Sunday, June 08, 2008

A History Lesson On The Day We Skipped Class

I remembered the other day that when I was six years old I was made an honorary Indian chief. I was named Chief Tonka of the Sioux Nation at a Christmas party hosted by the VFW hall where my mother and friends played bingo on Wednesday evening . I remember the Indian Chief in charge of the event displayed a stone tomahawk that he claimed carried the blood of many “white men.” I told him it looked more like finger nail polish and the audience roared with laughter.

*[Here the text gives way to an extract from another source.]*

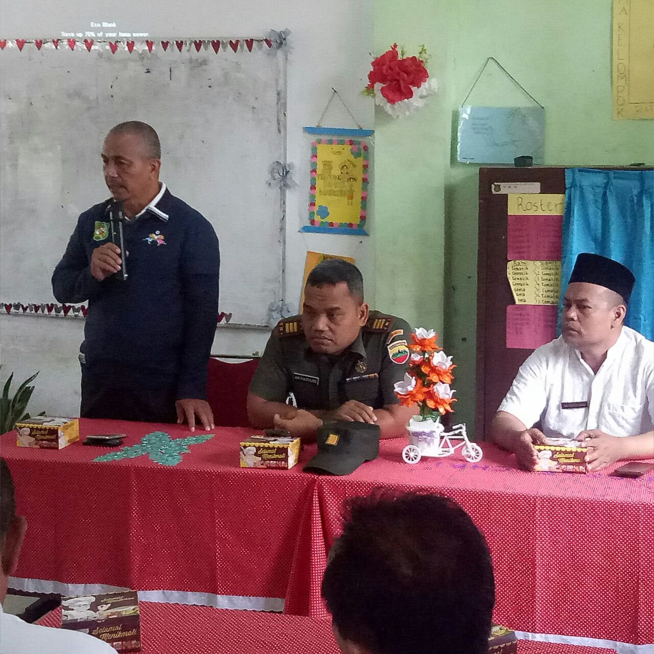 Danramil 02/MT Kapten Inf AM Marpaung didampingi 2 orang Babinsa yakni Pelda Indra dan Serma Heri Suharsono menghadiri kegiatan kampanye Imunisasi MR di SD 060874 Jl. Ibrahim Umar Kel. Sei Kera Hilir ll Kec. Medan Perjuangan pada hari Kamis tangga 02 Agustus 2018. Turut hadir dalam kegiagan kampanye Imunisasi MR antara lain :
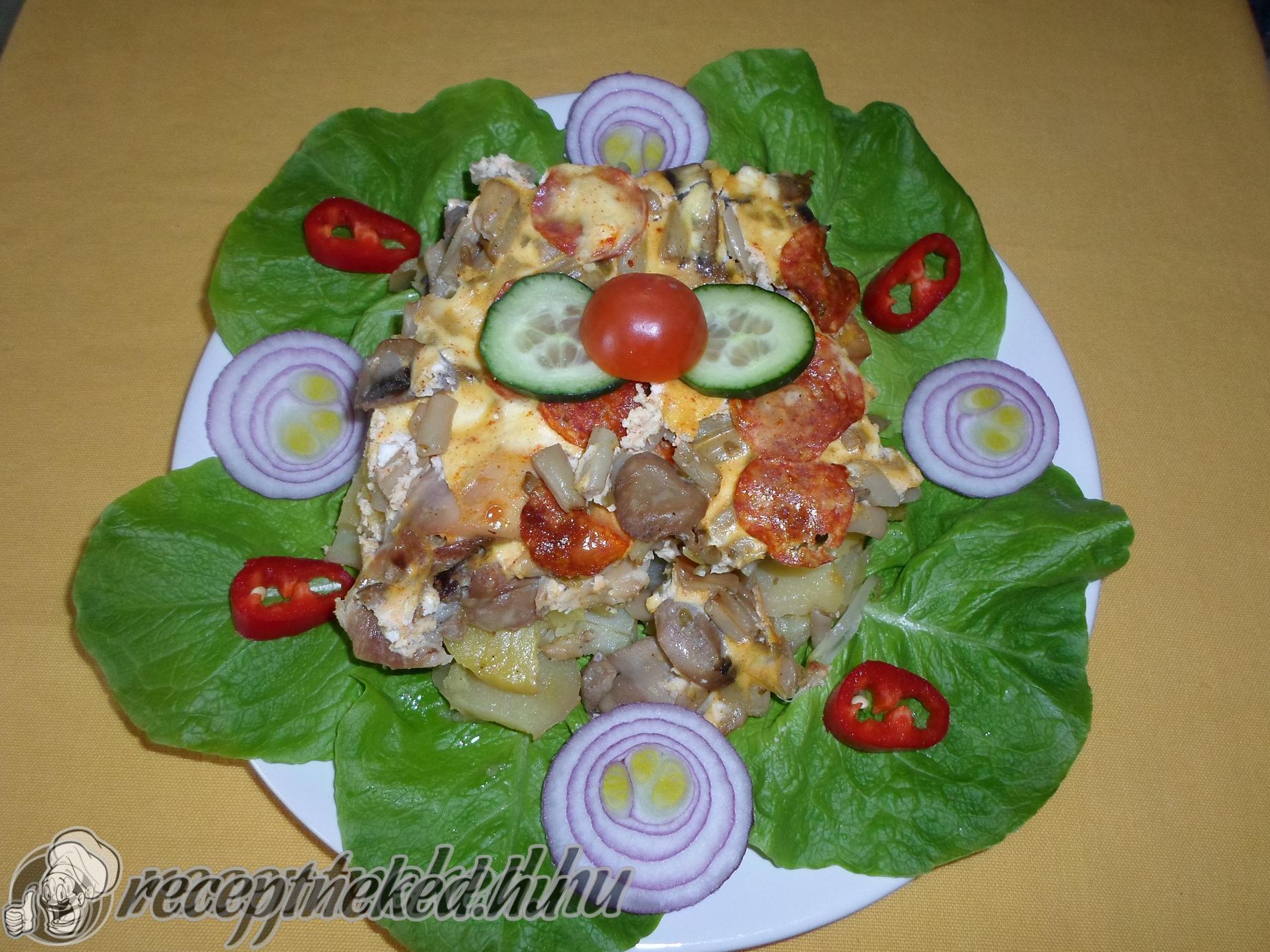 A gombát kevés olajon megdinszteljük a zöldbabbal együtt, ízlés szerint sózzuk, fűszerezzük. Egy tepsit olajjal kikenünk, a szalonna szeletekkel kirakjuk, beleszeleteljük a burgonyát, ráhelyezzük a megsült csirkecombokat, ráborítjuk a zöldbabos gombát, rászeleteljük a kolbászt és a vöröshagymát, és fóliával letakarva 30 percig sütjük.

We engaged in more frolic and banter as we went along, but I was firmly convinced at the end of the charade, that I had received a great title. Yes, Tonka meant “great’ or “big” to the Sioux, but it also meant toy trucks to Hasbro and while I owned a few of them I didn’t note the relevance at the time. But in the neighborhood cowboy- Indian games, I played the role of the redskin and my friends played the more prestigious buckaroos. I became quite proficient with those rubber suction cupped arrows.

Why should this come to mind a half century later? Maybe, it was something I read recently that clenched my soul, begging me to reach out to new thoughts and ideas that have surfaced in my mind. There are and always have been a multitude of Indian tribes. From the Alaskan Inuit to the Florida Seminole; the Yana and Yuma of California to the Wabanaki nation in Maine; Cherokee to Comanche; the Ojibway of the northern woodlands to the Choctaw of the lower Mississippi all shared a common spiritual premise.

Big Thunder of the Wabanaki nation once said, “ The Great Spirit is our Father, but the earth is our Mother, She nourishes us; that which we put into the ground she returns to us…” Tecumseh, a Shawnee, stated, “The sun is my Father, and the earth is my Mother, on her bosom I will rest.” Like other cultures, Native Americans had their myths to account for the origin of the cosmos and life. Unlike some other cultures, Native Americans, or Indians if you prefer, viewed all animate or inanimate, as we would view it, life as having a spirit of equality. Native American myths had a more whimsical quality than other ancient cultures often dwelling in a cartoon like atmosphere, a childish quality, where beavers, chipmunks, spiders and ravens held center stage in the formation of the universe. The food of the earth, grains and cereals , were as sacred as the mountains, rivers and forests. The spirits of the hunted animals, buffalo and deer, held no animosity as long as the hunter ritually respected the value of the animal in providing food and clothing. Wonder why we didn't learn from this.

Ho hum, what laborious thought. Today, rivers and streams are polluted in the name of progress and landfills overflow. Natural resources diminish . Slaughter houses and packing plants only survive with the aid of marginal ratings granted by a bureaucratic regulatory scheme. “Big Oil” stands by twiddling their thumbs and whistling a happy tune as the price at the pump goes up . Retailers purchase from abroad; corporations outsource in the same manner. Developers rape the land, to build commercial ventures. We engage in wars for less than reputable reasons . Our humanitarian efforts are rebuffed by tyrannical regimes and we simply turn away.

The Indians had it right, but we didn’t hear the message. All we have is sacred to life.